Les parachutistes ukrainiens ont récemment repoussé un assaut massif près de Pokrovsk, démontrant une fois de plus la capacité de résistance des forces ukrainiennes. Mais chaque victoire défensive épuise un peu plus les défenseurs. Les Russes peuvent se permettre de perdre des milliers d’hommes. Ils ont construit un groupement de quelque 710 000 soldats pour mener leur offensive stratégique, selon Syrskyi. Face à cette masse, l’Ukraine doit compter sur sa détermination, son ingéniosité tactique, et le soutien de ses alliés.
77 assauts en une journée. Je ne peux même pas imaginer ce que cela signifie concrètement. L’adrénaline qui ne retombe jamais. La peur qui devient une compagne permanente. L’épuisement qui s’accumule jusqu’à ce que chaque geste devienne un effort surhumain. Et pourtant, ils continuent. Ils repoussent la 77e attaque avec la même détermination que la première. C’est de l’héroïsme à l’état pur.
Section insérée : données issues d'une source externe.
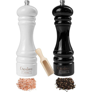 IDEAL VOOR ZOUT, PEPER EN KRUIDEN - met een set van 2 Creative Home molens kun je granen malen - je kunt zout, peper, gedroogde kruiden malen en je eigen mix van smaken en aroma's creëren. Alle granen - zoals peperkorrels - kunnen gemakkelijk in de molen worden geplaatst met een mini houten lepel.
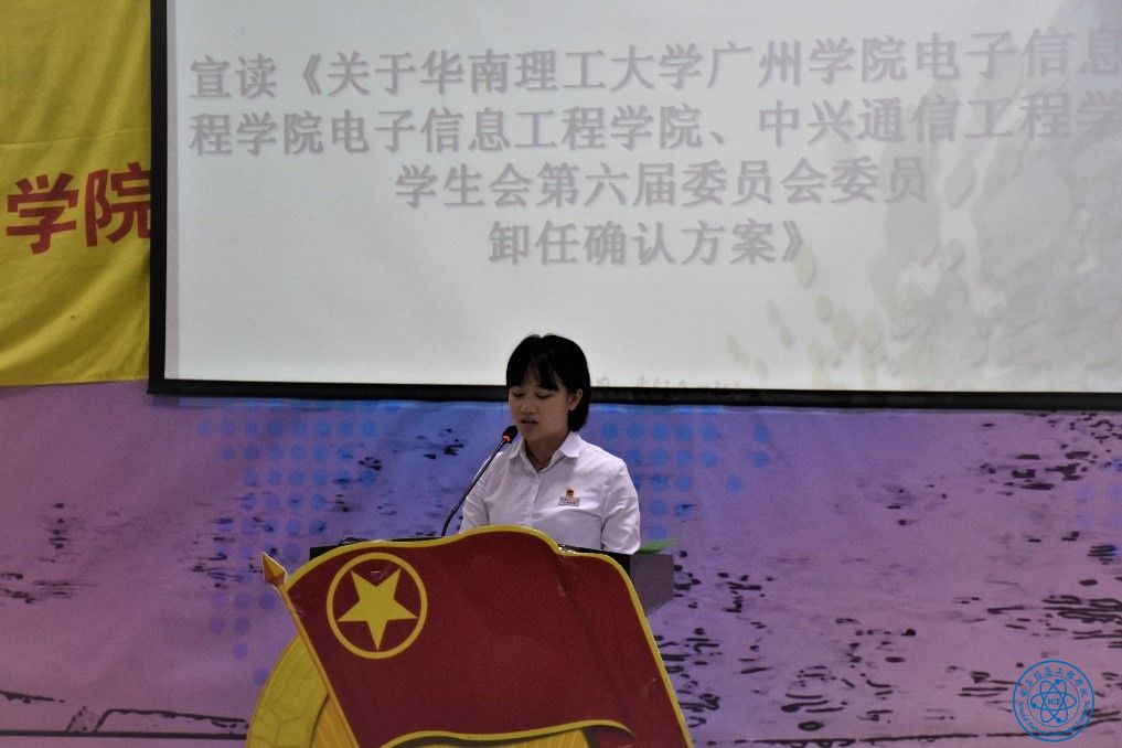 伟德国际betvlctor1946学生代表冯美婷同学作华南理工大学广州学院伟德国际betvlctor1946、中兴通信工程学院学生会第六届委员卸任确认方案。
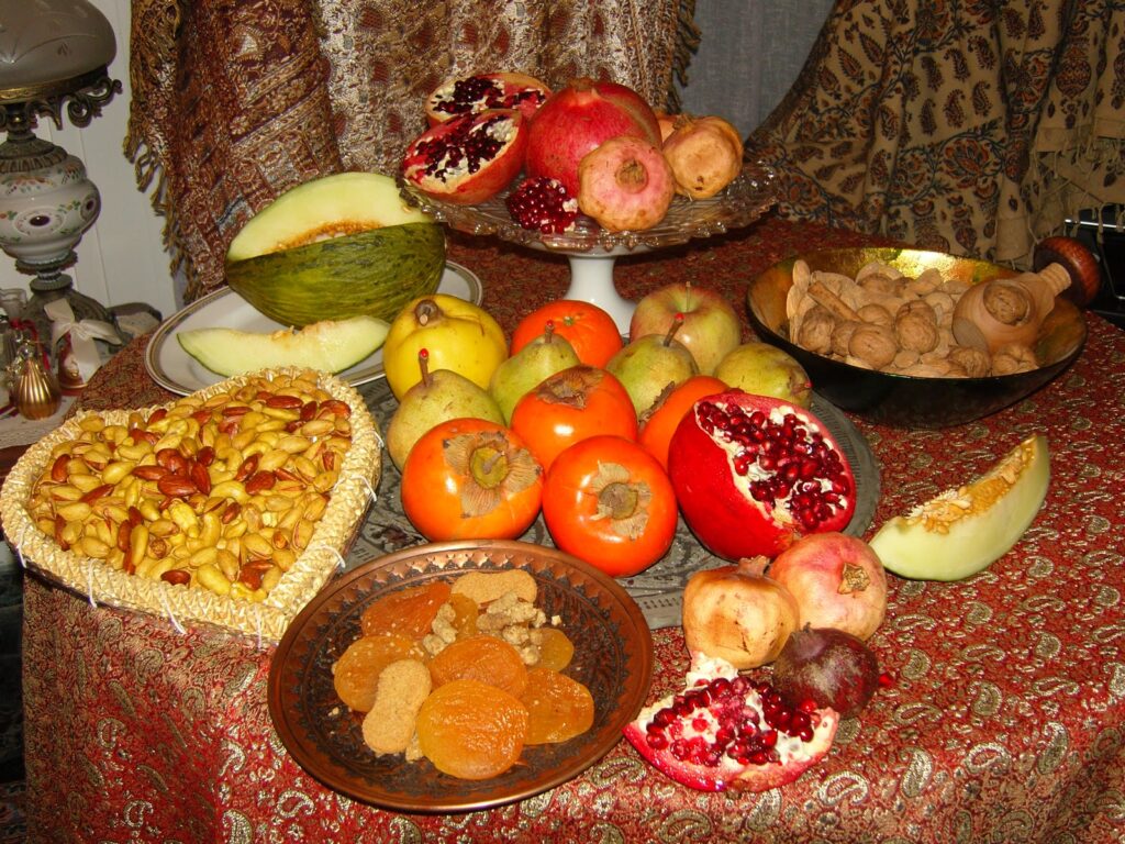 La notte di Yalda, così chiamato il natale iraniano, è sentita festività pre-islamica che coincide con il solstizio d’inverno e vede raccolte famiglie e gruppi di amici in una notte di festa e di veglia contro le tenebre circostanti. In Occidente è conosciuta con il nome di Nowruz, la notte di Yalda (la Notte della Nascita) è una festa tra le più importanti nella vita degli iraniani e deve il suo attuale nome agli influssi del primo cristianesimo.
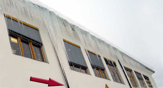 Istapper hengende fra takrennene har i de siste ukene preget fasaden til Åmot ungdomsskole. De lengste istappene sa takk for seg under mildværet i forrige uke, men mens det stod på som verst var den lengste om lag 4 (!) meter lang! Mange, mange kilo med is hang ned fra takrennene.. Heldigvis hadde vaktmesterne sperret av området under som følge av faren for at isen skulle falle ned. Men slik så det altså ut: |
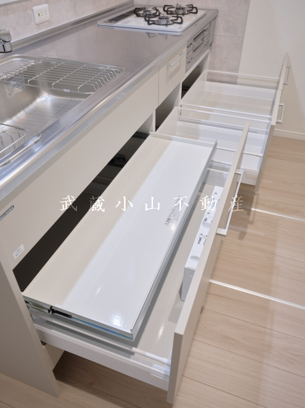 カウンターキッチン、システムキッチン、3口コンロ、ガスコンロ、グリル、バス・トイレ別、浴室換気乾燥機、24時間換気システム、追い焚き風呂、温水洗浄便座、独立洗面化粧台、脱衣スペース、室内洗濯機置場、洗面所独立、洋室、フローリング、ウォークインクローゼット、クローゼット、収納、床下収納、シューズボックス、エアコン、室内物干し、防犯シャッター、ペアガラス、バルコニー、角部屋、2階以上、最上階、モニター付インターホン、自転車置場(要空き確認)、ケーブルテレビ、インターネット接続可、2人入居可、お子様可、姉妹のルームシェア相談可(※友人同士のルームシェア不可)、短期解約違約金あり
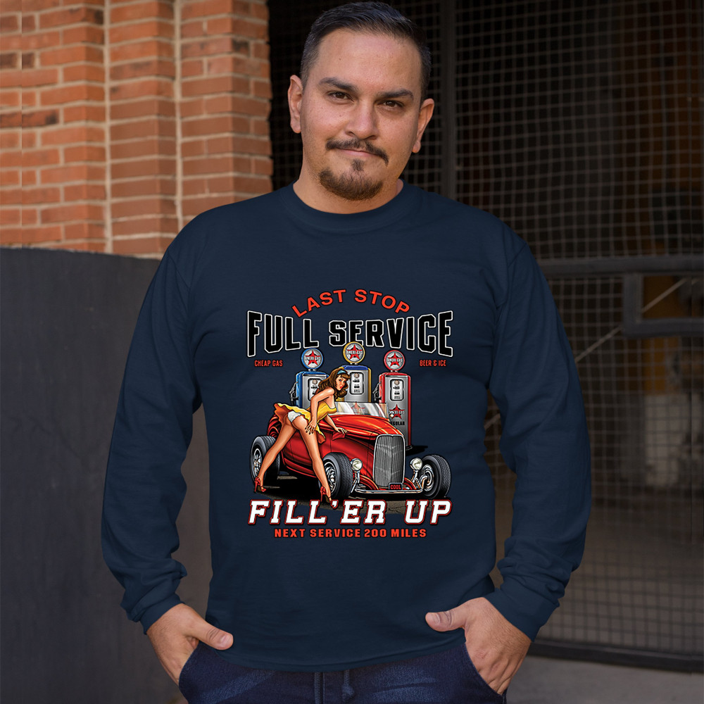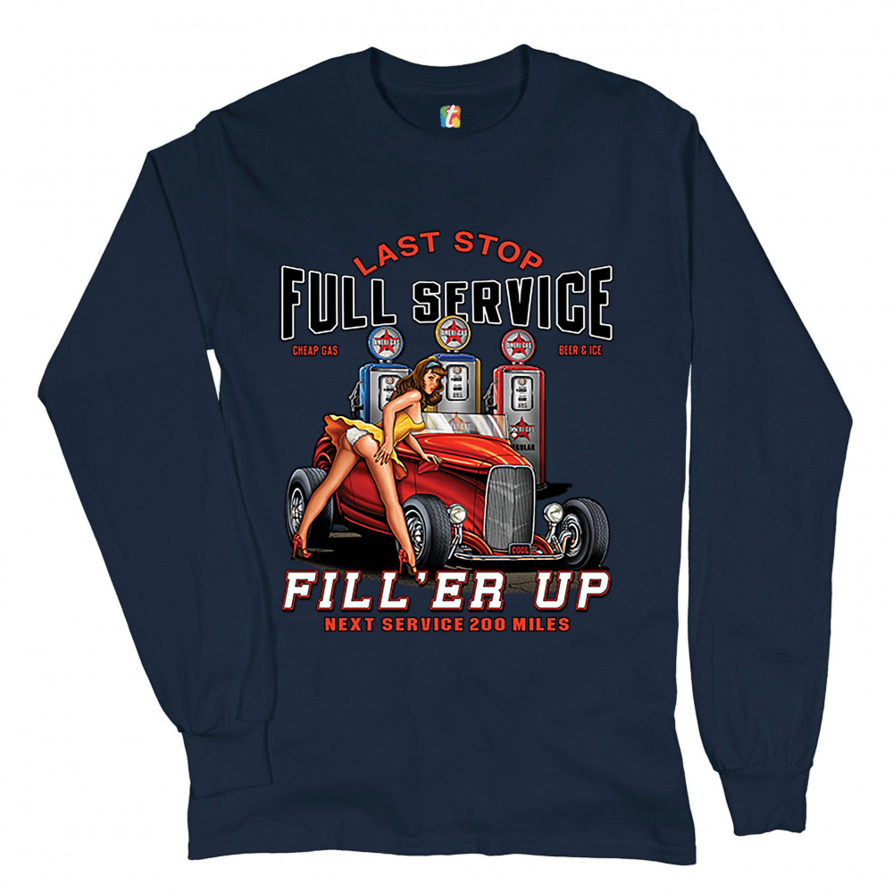 FULL SERVICE FILL 'ER UP long sleeve t-shirt hot rod pin-up girl old school navy blue

Et c’est aussi une tragédie sans fin.
Huliaipole : quarante assauts en une journée
Le front sud sous pression
Si Pokrovsk concentre l’attention dans le Donbass, Huliaipole est devenu le point chaud du front sud. Le 7 janvier, les forces ukrainiennes ont repoussé 40 attaques russes dans ce secteur, près des localités de Dobropillia, Solodke, Varvarivka, Zelene, Huliaipole et Bilohiria. Quarante fois, les défenseurs ont dû tenir la ligne face à des vagues d’assaillants. C’est le deuxième secteur le plus actif de tout le front, juste derrière Pokrovsk.
Huliaipole n’est pas une grande ville. Mais sa position stratégique en fait un objectif crucial pour les Russes. Située dans la région de Zaporizhzhia, elle se trouve sur l’axe qui pourrait permettre aux forces russes de progresser vers le nord et de menacer des zones plus importantes. Sa chute créerait une brèche dangereuse dans les défenses ukrainiennes du sud. C’est pourquoi les Russes y jettent tant de forces. Et c’est pourquoi les Ukrainiens s’accrochent avec tant de détermination.
Une ville qui refuse de tomber
Huliaipole est devenue une zone grise, un champ de bataille continu où les combats ne cessent jamais vraiment. Les forces ukrainiennes du sud font face à une pression intense, aggravée par une pénurie de troupes qui affecte l’ensemble du front. Selon des rapports de CNN début janvier, les forces ukrainiennes dans le sud de la région de Zaporizhzhia subissent une pression particulièrement forte, avec des difficultés à maintenir des effectifs suffisants sur la ligne de front.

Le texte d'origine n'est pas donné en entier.